Ansonsten halten viele Einheimische die in Italien typische Speisenfolge - antipasto (Vorspeise), primo (erster Gang: Nudeln, Reis oder Suppe), secondo (Fleisch oder Fisch) mit contorno (Kartoffel-, Gemüse- oder Salatbeilage) und dolce (Nachspeise) - im Alltag nicht mehr ein. Sie dürfen also ruhig mehrere Gänge überspringen. Viele stillen ihren Hunger mit einem belegten Brötchen (panino) oder einer Pizza. Diese erfreut sich nicht zuletzt wegen ihres günstigen Preises großer Beliebtheit. Italiener trinken übrigens Bier zur Pizza, was Touristen in Anbetracht der großen Weintradition des Landes bisweilen seltsam anmutet.
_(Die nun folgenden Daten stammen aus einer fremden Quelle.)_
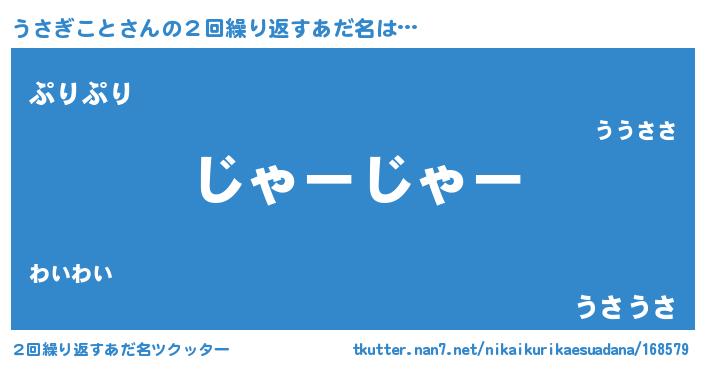| 意味不明あだ名 | 『住所不定無職うさぎこと(89歳)』 |
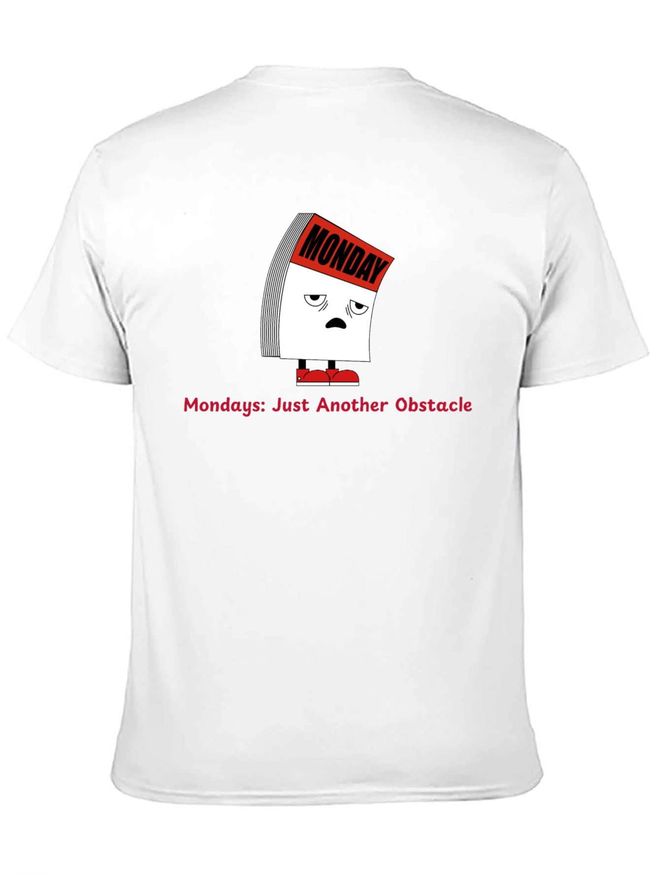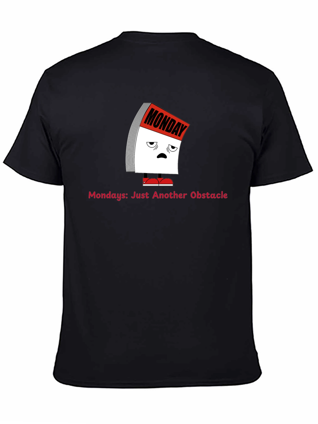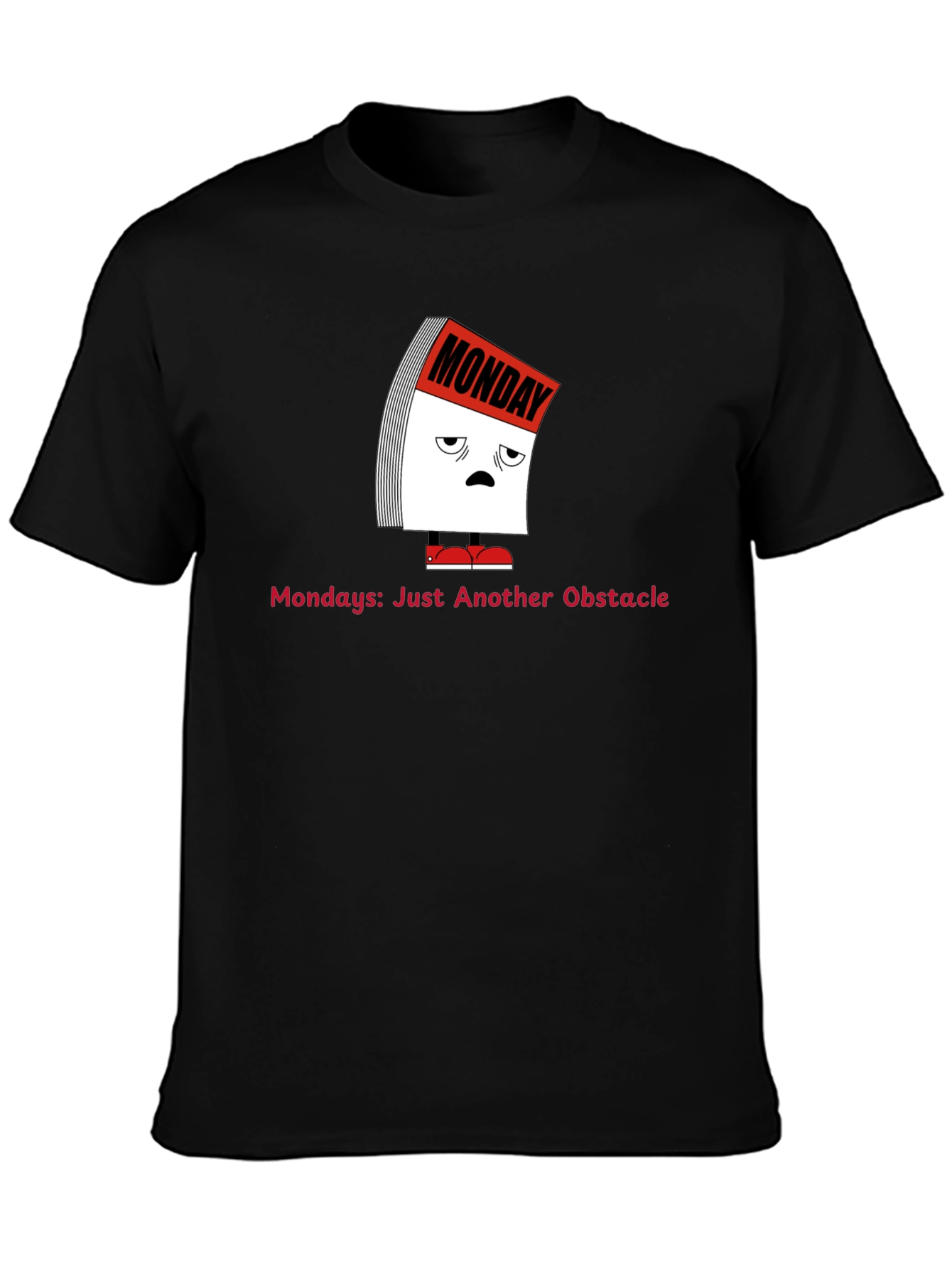 Embrace the start of the week with a touch of humor in this eye-catching black graphic tee! Featuring a distressed calendar character with a Monday label and a gloomy expression, this shirt playfully acknowledges the universal feeling about Mondays. The design includes the phrase "Mondays: Just Another Obstacle" in a complementary font, adding to its quirky appeal. Made from a soft, comfortable fabric, this tee is perfect for casual wear, office settings, or weekend lounging. Showcase your witty side and tackle Mondays head-on with this conversation-starting t-shirt. It also makes a great gift for friends, family, or coworkers who share your Monday sentiments.
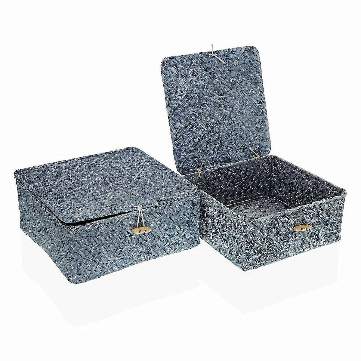 Mehrzweckkorb Versa Blau Seetang 23 x 10 x 23 cm 20 x 20 x 9 cm mit Deckel (2 Stück)
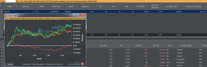 Напомню, год начался с продолжения гринда на 15 лимите, hyper turbo HU sng. Результат этого гринда можно видеть на 20-ой странице. Играл еще вначале года, полмесяца кеш NL50 зум ХУ. Результат хороший, но не особо интересно. Все это связано было, с тем, что мне не хотелось переходить в Spin and Go.
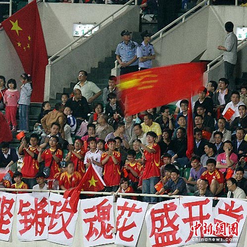 图为成都球迷现场为中国队助威加油。中新社发 刘忠俊 摄
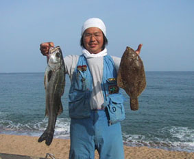朝まずめに最後の期待をかけるが、マダイやスズキは不発。唯一、スズキ狙いの青イソメを房掛けにして遠投した竿に37センチのイシガレイが釣れた。これを最後に午前7時納竿、丹後半島をあとにした。
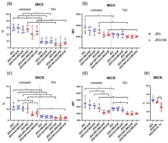 Phenotype of JEG-3 cells under mono- and co-culture conditions. The figure shows the percentage (%) of JEG-3 cells expressing MICA (a) and MICB (c,e) proteins, as well as the intensity of expression (MFI) of MICA (b) and MICB (d). Some cells were treated with TSA (a–d), rMICA/B, and anti-MICA/B. Some NK cells were activated with IL-15 (e). MFI—Median Fluorescence Intensity; untreated—TSA-untreated cells; TSA—TSA-treated cells; JEG—JEG-3 cells; NK—NK-92 cells. Significant differences: *—p < 0.05; **—<0.01. There were four biological replicates with one technical replicate in each experiment. The full version of the figure demonstrating the changes in the JEG-3 cell phenotype is presented in Supplementary Figure S2.
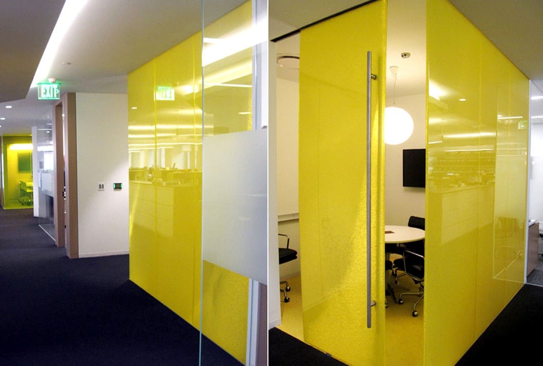 پارتیشن اداری مدرن با شیشه های رنگی
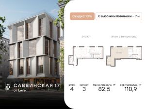 В историческом районе Хамовники продается 3-к квартира площадью 110.40 кв.м, расположенная на 4 этаже клубного дома Саввинская 17 от Level.Преимущества:- всего 22 квартиры редкого формата, что формирует атмосферу элитного закрытого клуба,- высота потолков от 6,43 до 7 метров,- окна в пол, каждая квартира будет наполнена светом и солнцем,- возможность сделать второй уровень в каждой квартире и возможность установить дровяной камин в квартирах на 4-ом этаже,- механизированный подземный паркинг,- закрытый двор с детской площадкой, сенсорным садом для детей и местом для тихого отдыха взрослых.Расположение и инфраструктура:Проект расположен в самом сердце Москвы на Саввинской набережной. - 2 минуты до Садового кольца и 6 минут до ТТК на машине,- 20 минут пешком до станции метро ''Спортивная'',- 15 минут пешком до ''Лужники'',- в окружении более 15 детских садов, в том числе 9 частных,- в пешей доступности расположены 11 школ, 4 из которых входят в топ-20 школ Москвы по версии Forbes,- в окружении 5 парков, в том числе парк ''Новодевичьи пруды'', усадьба Трубецких, парк Горького.Отличная транспортная доступность:Еще одно преимущество резиденции - удобная транспортная доступность. Несмотря на близость к центру, дорога на автомобиле до Садового кольца займет 2 минуты, до ТТК - 6 минут. В пешей доступности (20-24 минуты пешком) находятся три станции метро: ''Спортивная'', ''Фрунзенская'' и МЦК ''Лужники''.
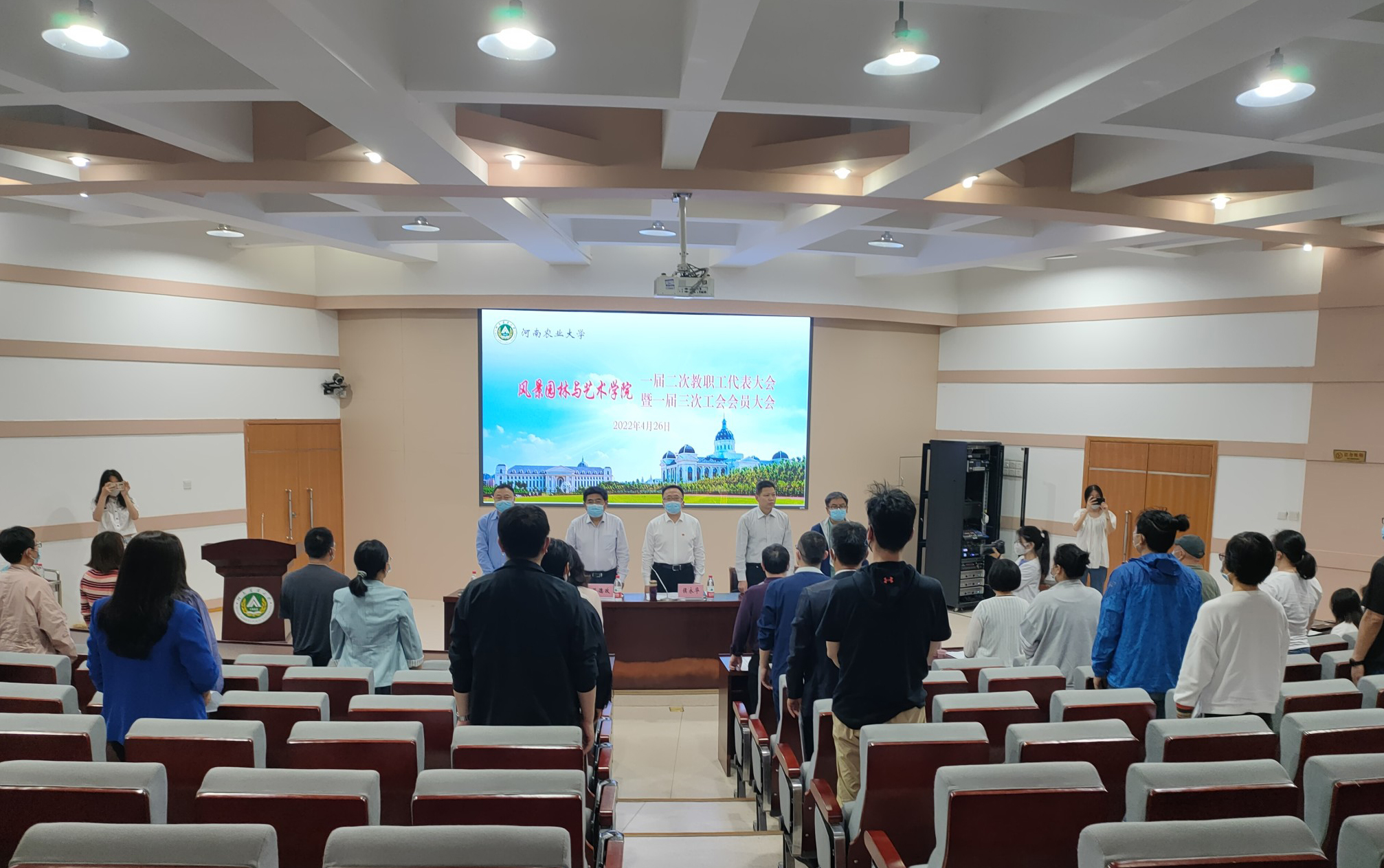 会议在慷慨激昂的国歌奏唱声中隆重开幕。副院长孔德政代表学院作《凝聚思想意识 激发奋进力量 奋力开创学院事业发展新局面》工作报告。
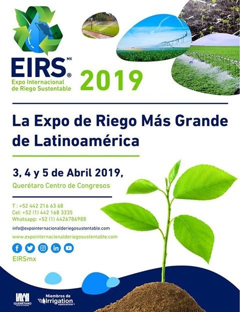 La Expo Internacional de Riego Sustentable tiene como objetivo la exhibición de tecnología y servicios que procuren el aprovechamiento de los recursos hídricos a fin de promover y mantener los procesos productivos sustentables en el país. La Segunda edición se llevará a cabo del 3 al 5 de Abril del 2019 en el Centro de Congresos del Estado de Querétaro, México.
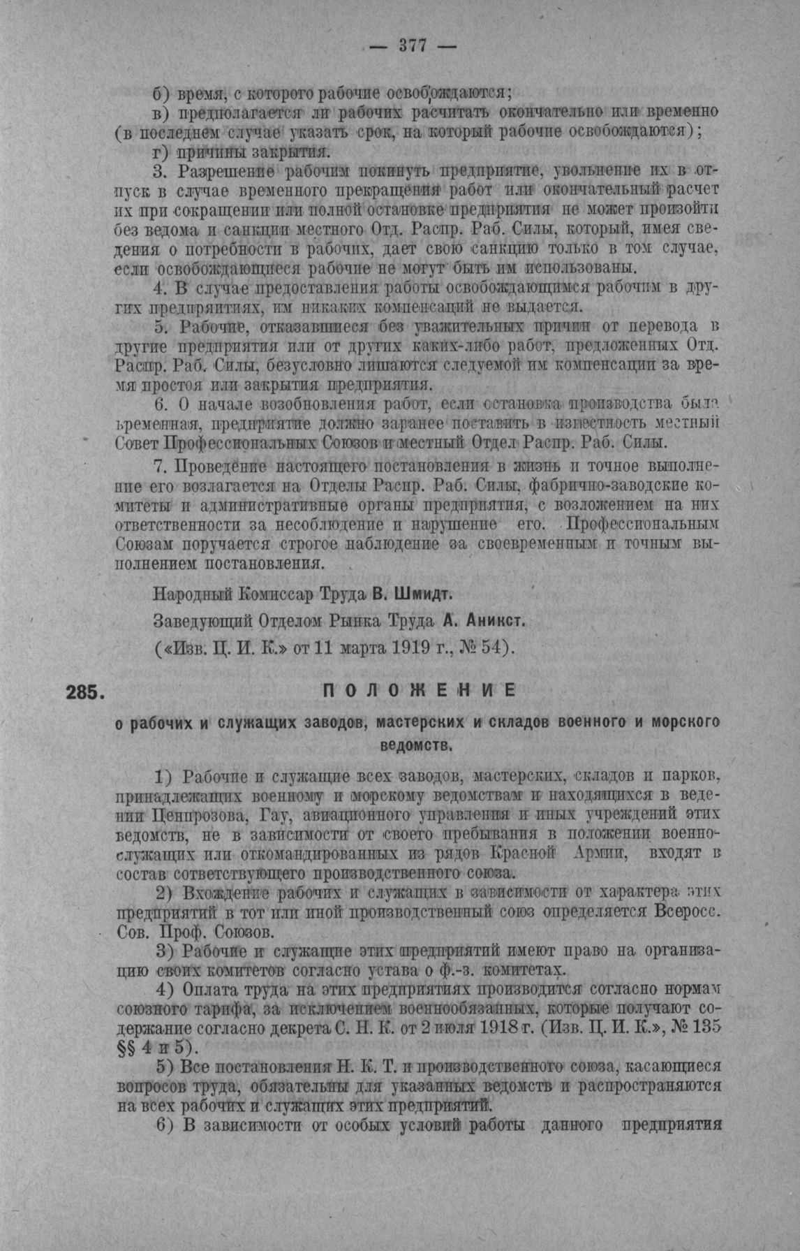 Положение о рабочих и служащих заводов, мастерских и складов военного и морского ведомств // Известия Ц. И. К. от 23 февраля 1919 г., № 42.
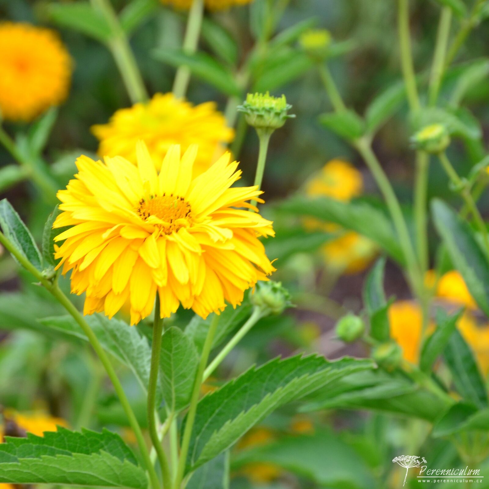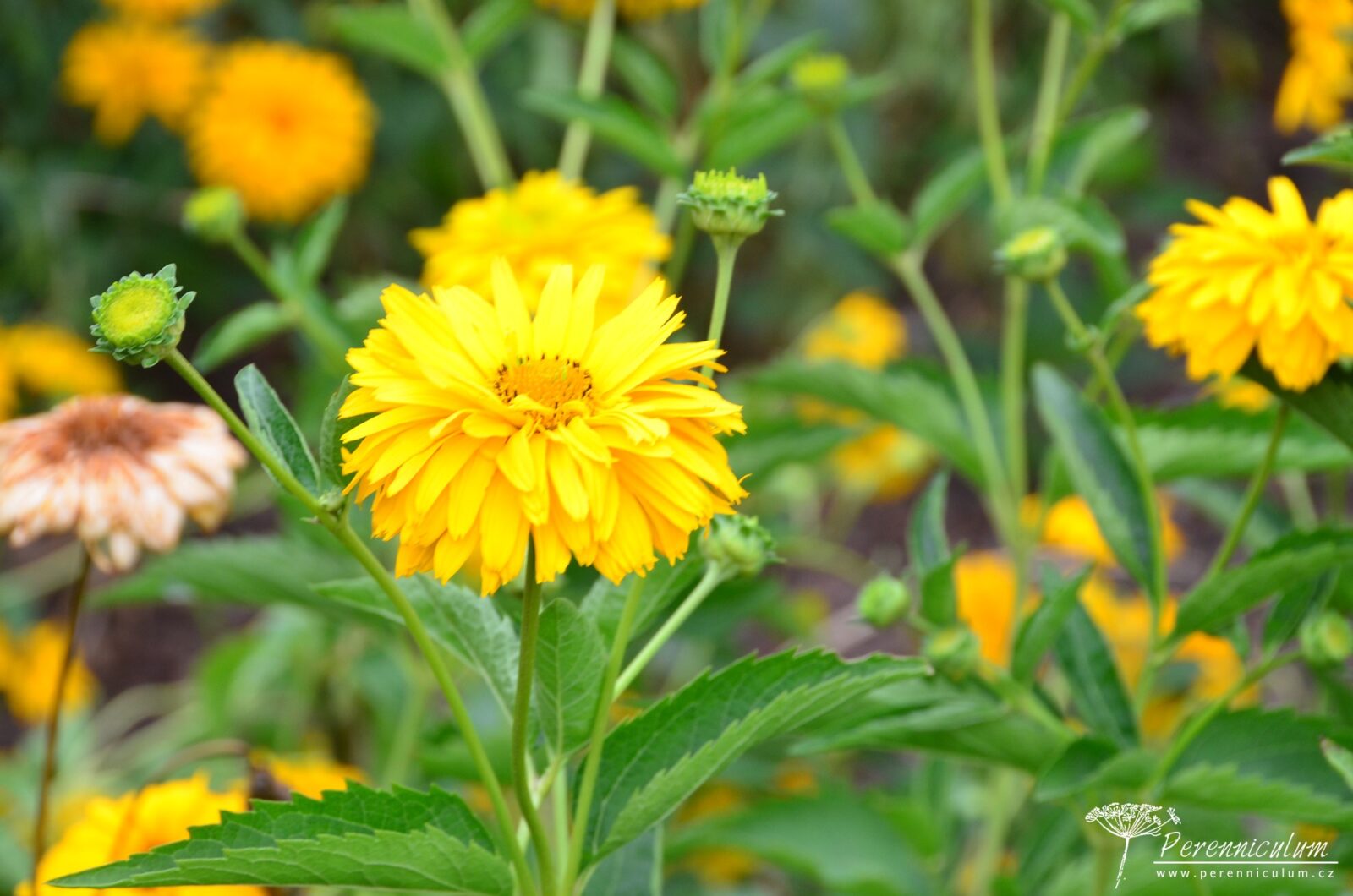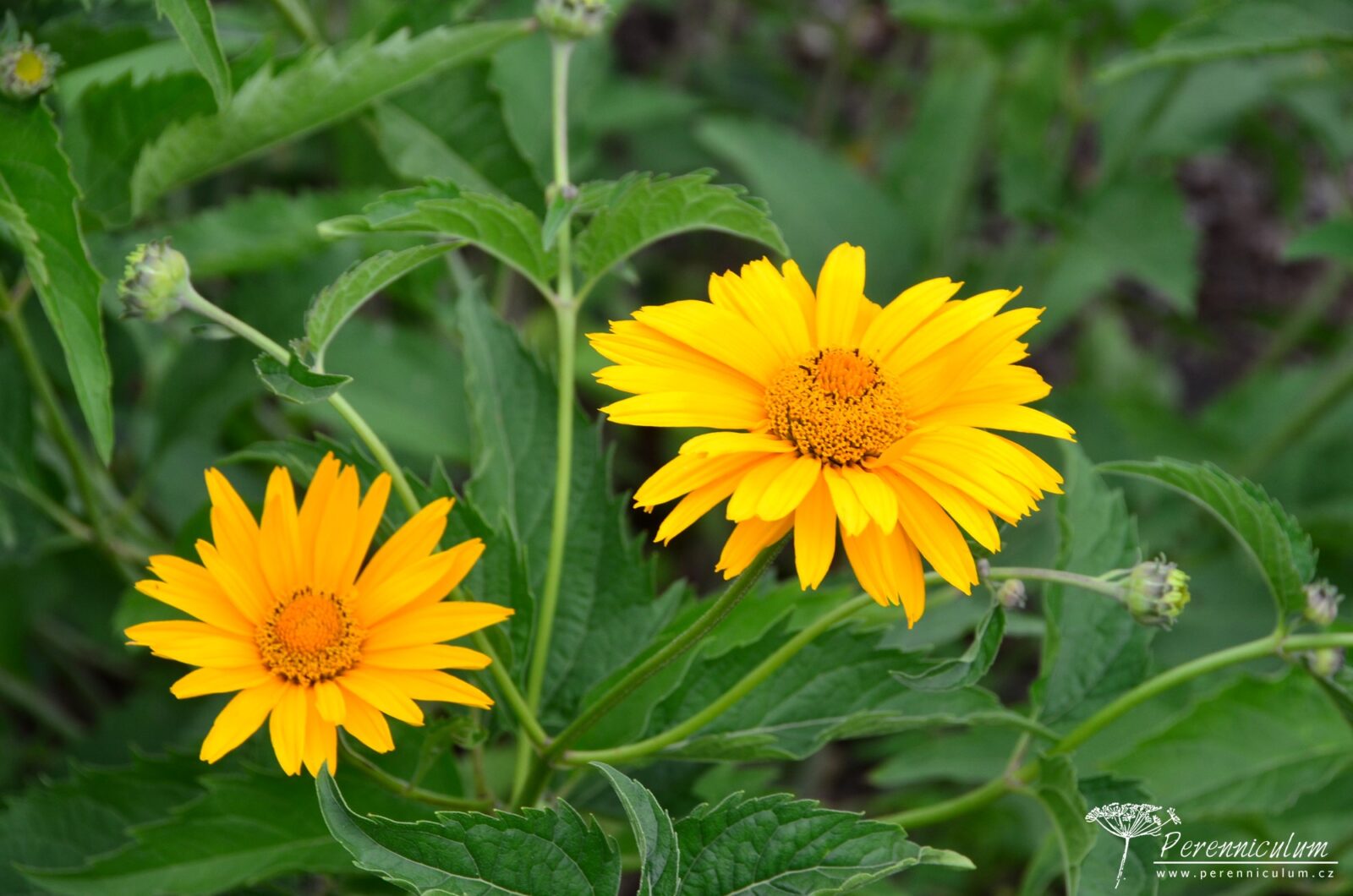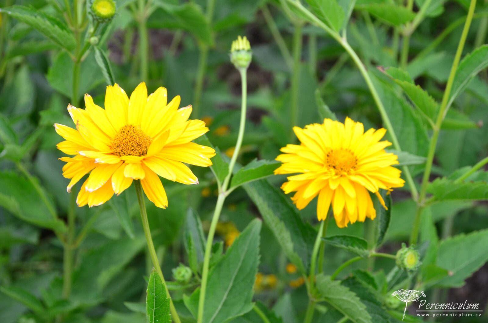 var. scabra se od var. helianthoides, která je v zahradách méně používána, rozezná díky drsně chlupatým stonkům a listům.

Tatsächlich steht Ihnen im Seengebiet das unglaublich breite Angebot der norditalienischen Weinregionen zur Auswahl. Aus dem Piemont stammen der verbreitete Barbera oder der so berühmte wie teure Barolo. Letzteren können Sie gut durch einen Ghemme oder Gattinara ersetzen, ebenfalls aus roten Nebbiolotrauben. Die Reben reifen keine 30 km vom piemontesischen Ufer des Lago Maggiore entfernt. Aber auch die lombardischen Anbaugebiete im Veltlin, dem Oltrepò Pavese oder der Franciacorta erfreuen sich wachsender Beliebtheit.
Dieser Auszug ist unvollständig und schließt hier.